- What you have to do -
Word for word, retype the lines from the one containing "Неочищенный зубчик свежего" to the one containing "La rassegna è" below, keeping both end lines and dropping the pictures.

- Material for this exercise -
_ _ _ _ _

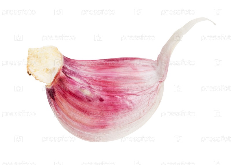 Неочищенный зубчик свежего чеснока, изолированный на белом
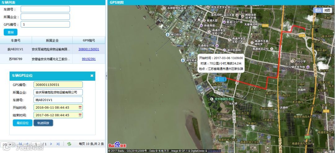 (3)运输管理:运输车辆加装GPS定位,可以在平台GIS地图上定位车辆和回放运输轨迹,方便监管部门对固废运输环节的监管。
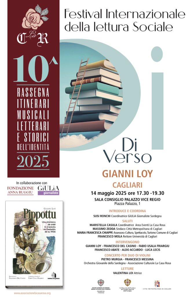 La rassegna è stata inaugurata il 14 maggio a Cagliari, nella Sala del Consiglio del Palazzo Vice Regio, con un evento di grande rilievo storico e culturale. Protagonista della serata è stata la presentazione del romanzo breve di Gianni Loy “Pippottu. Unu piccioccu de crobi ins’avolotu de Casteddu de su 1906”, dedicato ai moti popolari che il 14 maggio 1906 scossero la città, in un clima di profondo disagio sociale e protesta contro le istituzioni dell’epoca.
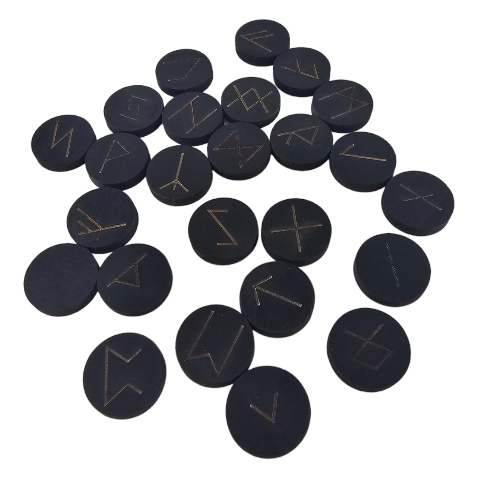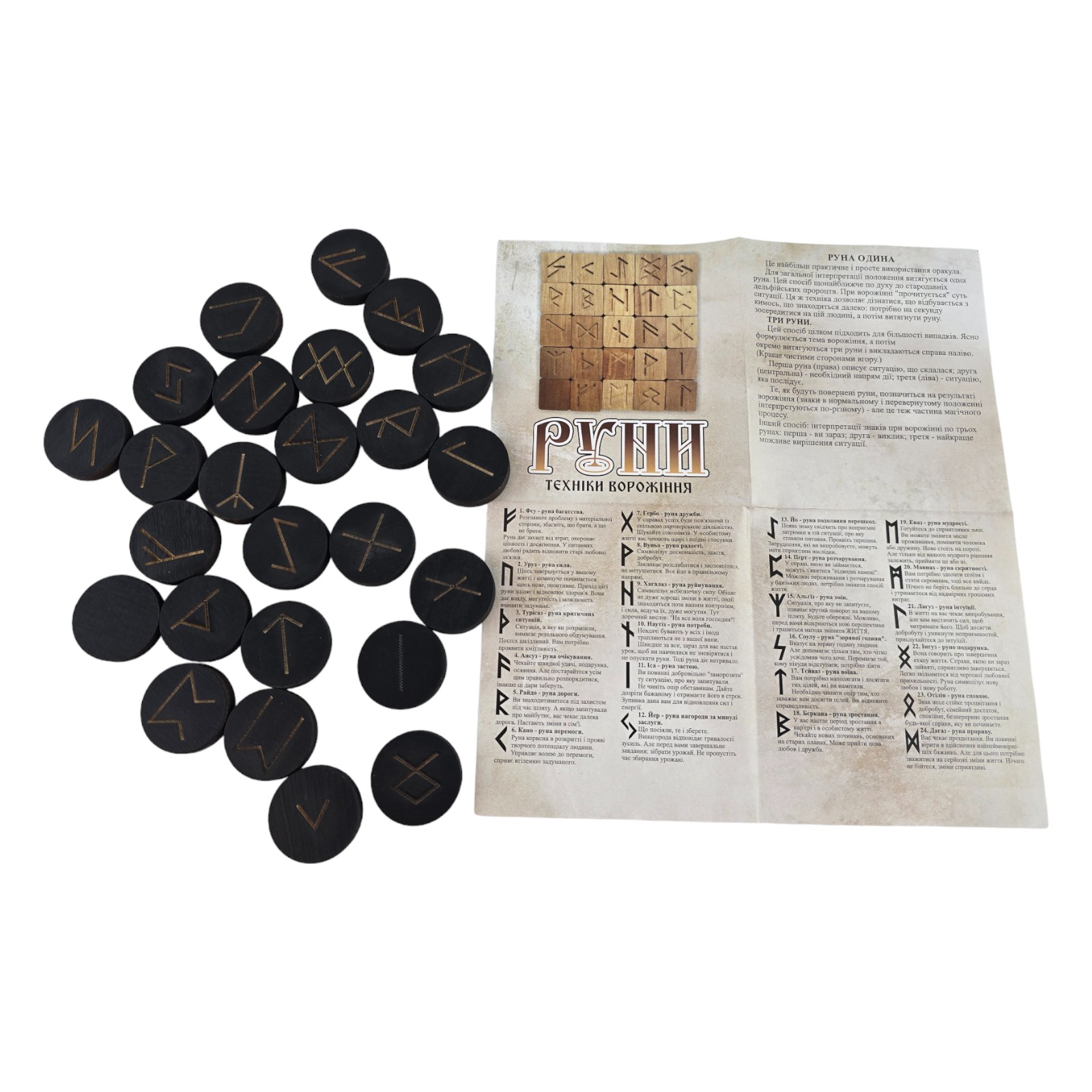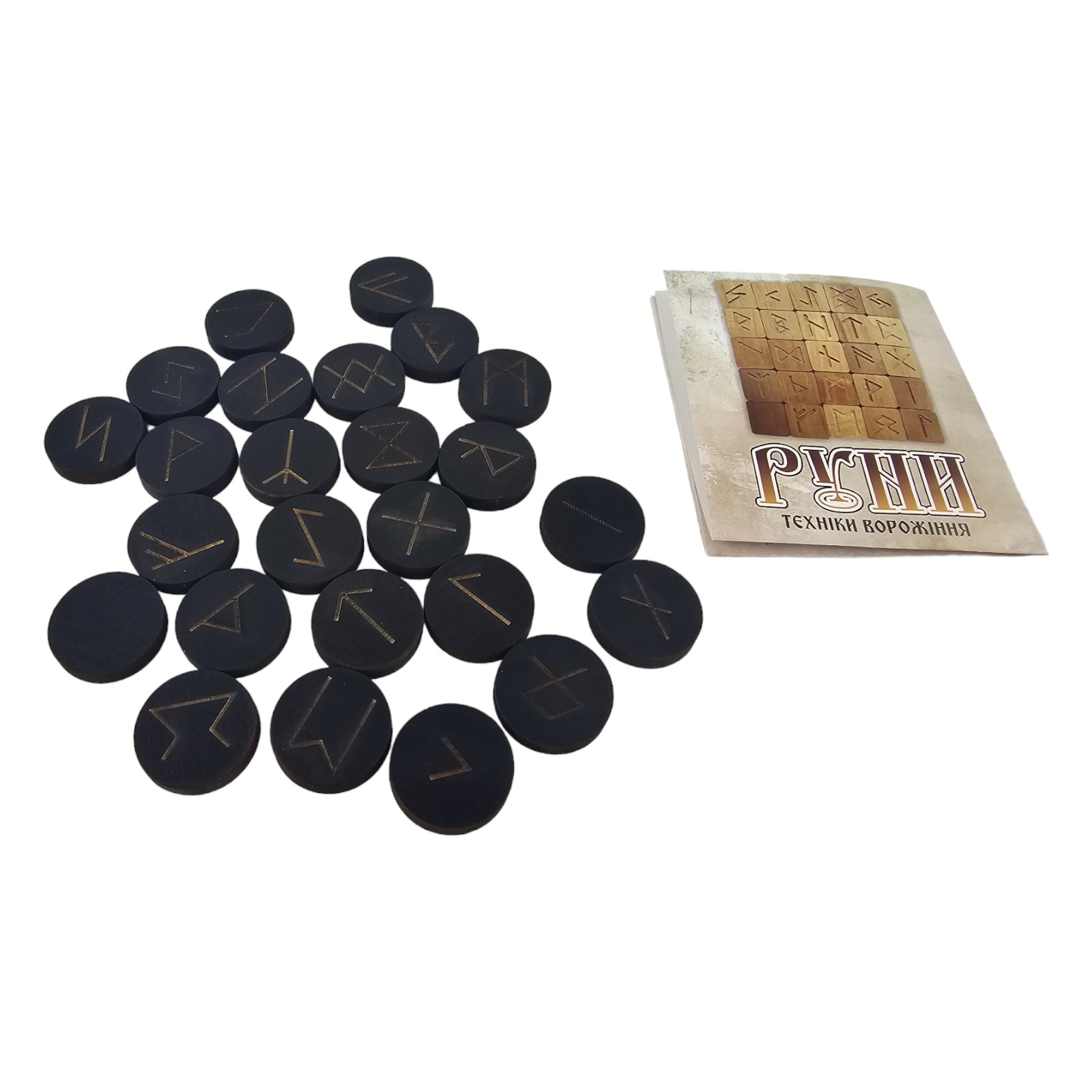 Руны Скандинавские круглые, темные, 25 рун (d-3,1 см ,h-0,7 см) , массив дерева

_ _ _ _ _

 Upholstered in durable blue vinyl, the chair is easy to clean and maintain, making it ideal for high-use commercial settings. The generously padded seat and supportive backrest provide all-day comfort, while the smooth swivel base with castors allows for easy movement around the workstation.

_ _ _ _ _

- Response area -
 Неочищенный зубчик свежего чеснока, изолированный на белом
 (3)运输管理:运输车辆加装GPS定位,可以在平台GIS地图上定位车辆和回放运输轨迹,方便监管部门对固废运输环节的监管。
 La rassegna è stata inaugurata il 14 maggio a Cagliari, nella Sala del Consiglio del Palazzo Vice Regio, con un evento di grande rilievo storico e culturale. Protagonista della serata è stata la presentazione del romanzo breve di Gianni Loy “Pippottu. Unu piccioccu de crobi ins’avolotu de Casteddu de su 1906”, dedicato ai moti popolari che il 14 maggio 1906 scossero la città, in un clima di profondo disagio sociale e protesta contro le istituzioni dell’epoca.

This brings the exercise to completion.